Rudison

Personal information
- Full name: Rudison Nogueira Ferreira
- Date of birth: 15 February 1983 (age 43)
- Place of birth: Mariana, Minas Gerais, Brazil
- Height: 1.78 m (5 ft 10 in)
- Position: Midfielder

Youth career
- 1992–1999: São Paulo

Senior career*
- Years: Team / Apps / (Gls)
- 1999–2001: São Paulo
- 2001–2002: Borac Čačak
- 2002–2003: OFK Beograd
- 2003–2004: Mulhouse / 15 / (0)
- 2004–2005: Angers / 2 / (0)
- 2005: Le Havre / 1 / (0)
- 2006: Romorantin / 17 / (0)
- 2006: Le Havre / 0 / (0)
- 2007: Difaa El Jadida
- 2007–2008: Zulte-Waregem / 4 / (0)
- 2008–2009: Ostende / 30 / (4)
- 2009: Ceahlăul Piatra Neamț / 7 / (0)
- 2010: JS Saint-Pierroise
- 2011: FC Dieppe / 17 / (2)
- 2011: Turan Tovuz / 11 / (0)

International career
- Brazil U-17

= Rudison =

Brazilian footballer

Rudison Nogueira Ferreira (born 15 February 1983), or simply Rudison, is a Brazilian former football midfielder.

==Career==
Born in Mariana, Minas Gerais, Brazil, his career started in 1994 in Brazilian giant São Paulo, where he made his formation alongside players like Kaká and Grafite. He stayed there six seasons. In 2000, he decided to move to Europe to play in Serbia in the back then First League of FR Yugoslavia; first one season in Borac Čačak, then another in OFK Beograd.
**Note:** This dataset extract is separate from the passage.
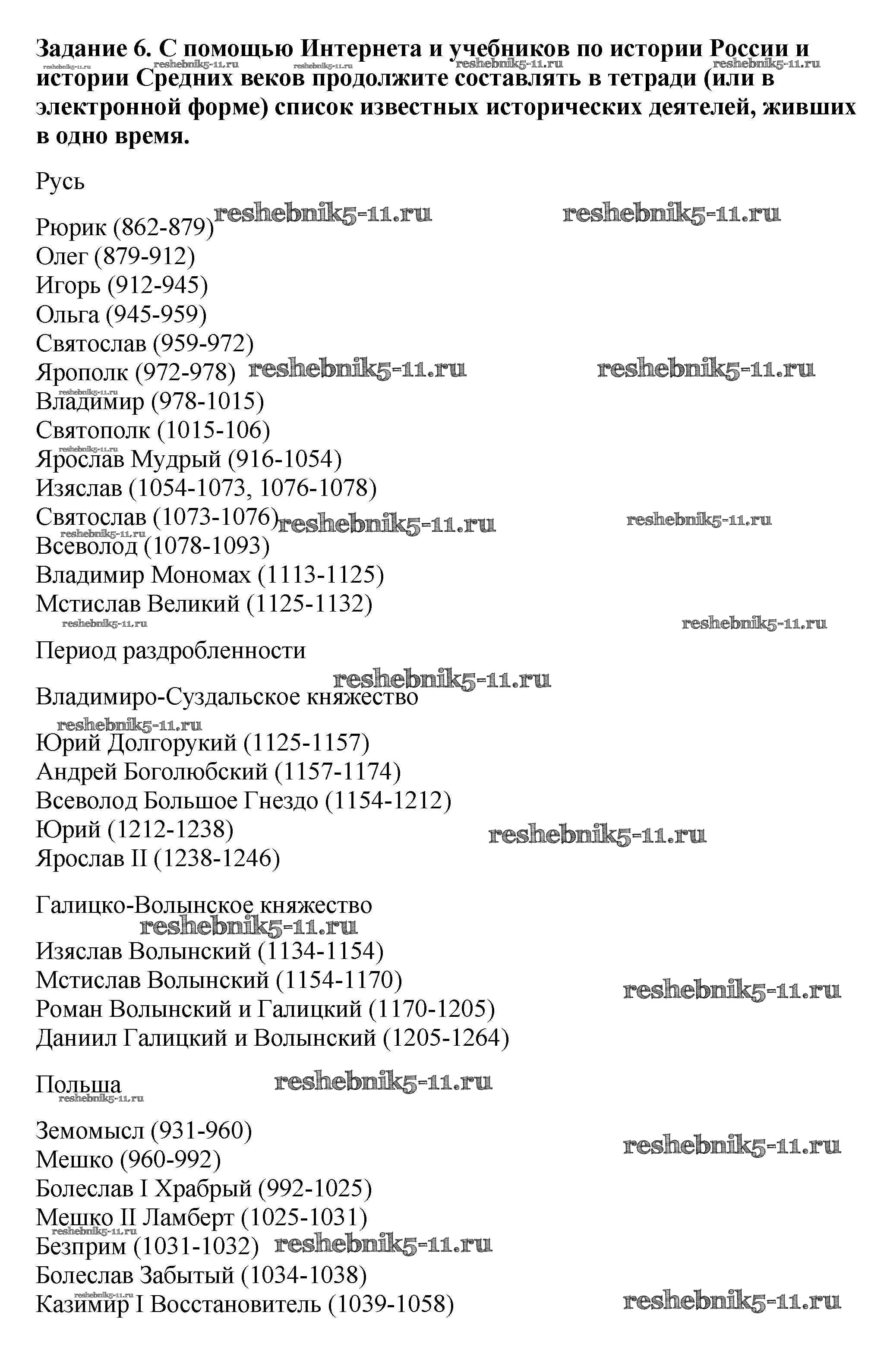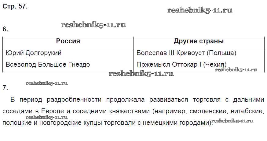 Готовая домашняя работа с ответами по Истории за 6 класс Артасов, Данилов, Косулина, Соколова Рабочая тетрадь Просвещение 2016 ФГОС - §12. Политическая раздробленность на Руси стр. 57

In 2003, he moved to France where he played in several clubs, including two seasons with Ligue 2 club SCO Angers, and one and a half in Le Havre AC. In 2007, he had a short spell in Morocco playing with Difaa El Jadida playing in the Moroccan Championship. In summer 2007, he moved to Belgium where he first played in Jupiler League club Zulte-Waregem, and, since 2008, in K.V. Oostende in Belgian Second Division. In the 2009–10 season he played with Romanian Liga I side Ceahlăul Piatra Neamț. During 2010 he had a spell with JS Saint-Pierroise in the Réunion Premier League and with FC Dieppe back in France. In the summer of 2011 Rudison moved to Turan Tovuz in the Azerbaijan Premier League before leaving them in the winter transfer window of the same season after eleven games.